Personal information
- Full name: Robert Handley
- Born: 8 January 1965 (age 61)
- Original team: Hill End
- Height: 183 cm (6 ft 0 in)
- Weight: 76 kg (168 lb)
- Position: Wingman

Playing career^{1}
- Years: Club / Games (Goals)
- 1985–87: Hawthorn / 23 (18)
- 1989: St Kilda / 04 0(2)
- Total:  / 27 (20)
- ^{1} Playing statistics correct to the end of 1989.

= Robert Handley =

Australian rules footballer

Robert 'Chopper' Handley (born 8 January 1965) is a former Australian rules footballer who played for Hawthorn and St Kilda in the Victorian Football League (VFL) during the late 1980s.

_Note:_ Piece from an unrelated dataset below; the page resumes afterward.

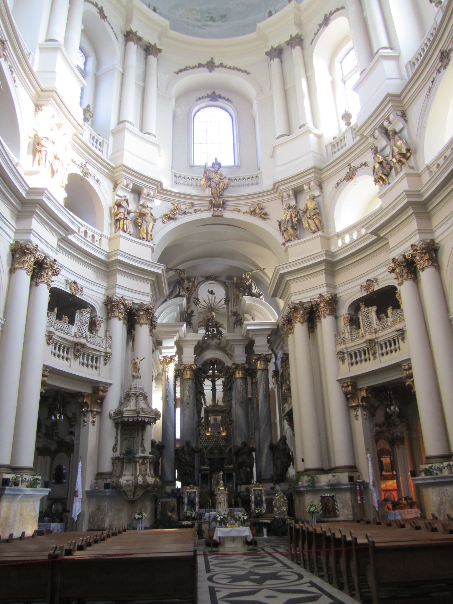 C'est une imposante cathédrale au coeur du centre ville. L'intérieur éblouit par son luxe et son élégance. Les murs blancs sont très sobres et contrastent avec les colonnes ornées de dorures. Mais ça reste assez simple par rapport à l'église qui suit...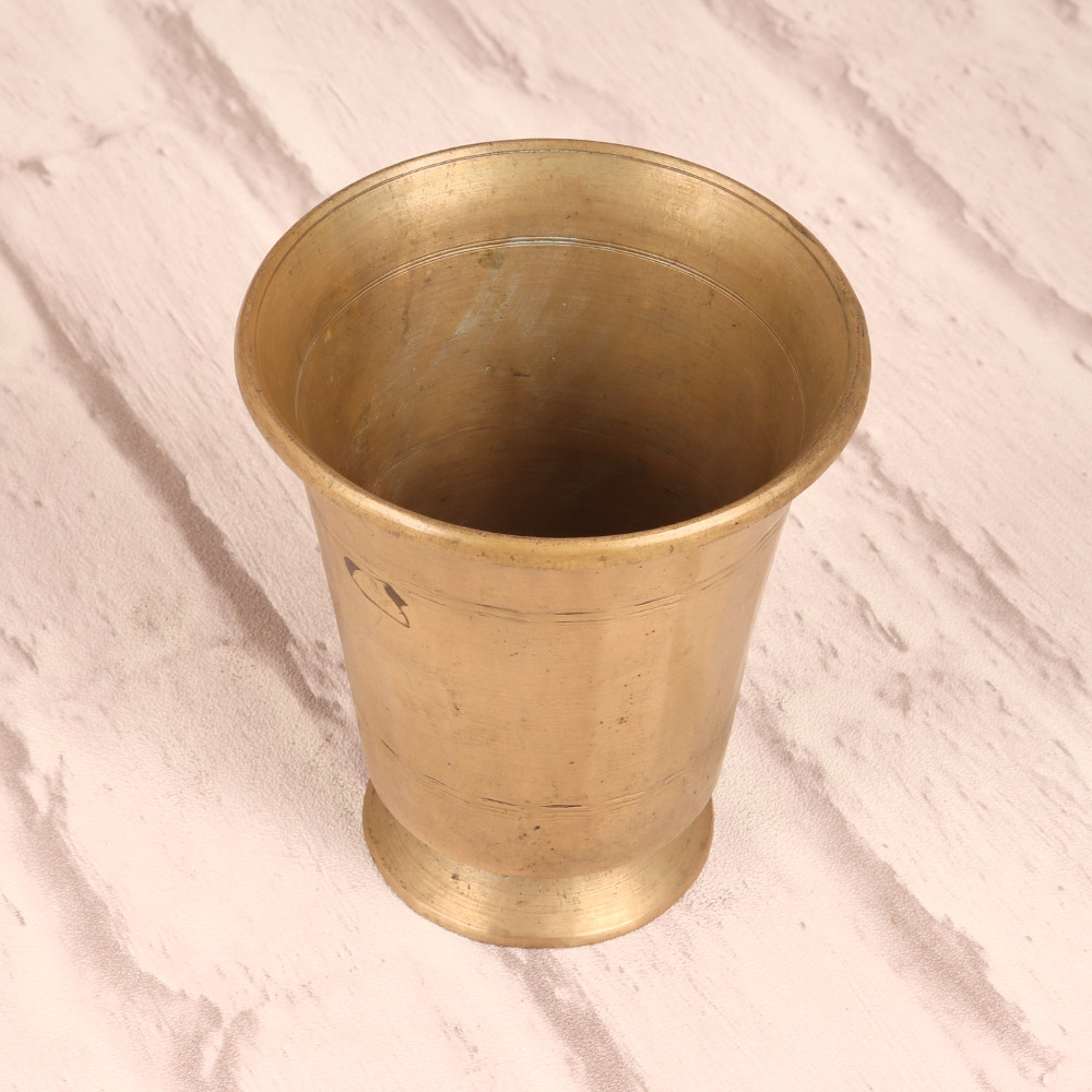 This vintage brass holy water cup is a stunning piece that will transport you to the heart of ancient South Indian spirituality. Crafted with meticulous attention to detail, its classic design and premium materials make it a timeless addition to your ritual tools or home decor. Whether you're looking to elevate your daily puja, seeking a beautiful vessel for your sacred water, or simply want to infuse your space with a sense of cultural heritage, this holy water cup is the perfect choice. Its generous size allows for convenient, mess-free pouring, while the smooth, rounded edges prevent spills for a seamless ritual experience. The natural patina of the brass gives this cup a one-of-a-kind, well-loved appearance, imbuing it with a sense of history and tradition. Display it proudly on your altar, use it to bless your home, or incorporate it into your meditation practice - this versatile piece will quickly become an indispensable part of your spiritual journey.

Recruited before drafting was imposed on all clubs, Handley was from Hawthorn's Gippsland zone and his junior club was Hill End. He progressed his was through the under 19's and reserves.
Handley, who could play both as a wingman and on the ball, debuted with Hawthorn in 1985 and finished the year in their losing Grand Final team. He struggled to hold his place in a strong Hawthorn side the following two seasons and left the club to play for Central District Football Club in the South Australian National Football League (SANFL) in 1988. After one year he returned to Melbourne and signed on with St Kilda, with whom he could only manage four senior appearances. He finished his career back in South Australia at Central District, playing 135 games and topping their goal-kicking in 1992 with 40 goals.

He was also a talented soccer player, playing in the youth teams of the Morwell Falcons and, after his VFL career was completed, playing in the Latrobe Valley Soccer League for Morwell Dinamo.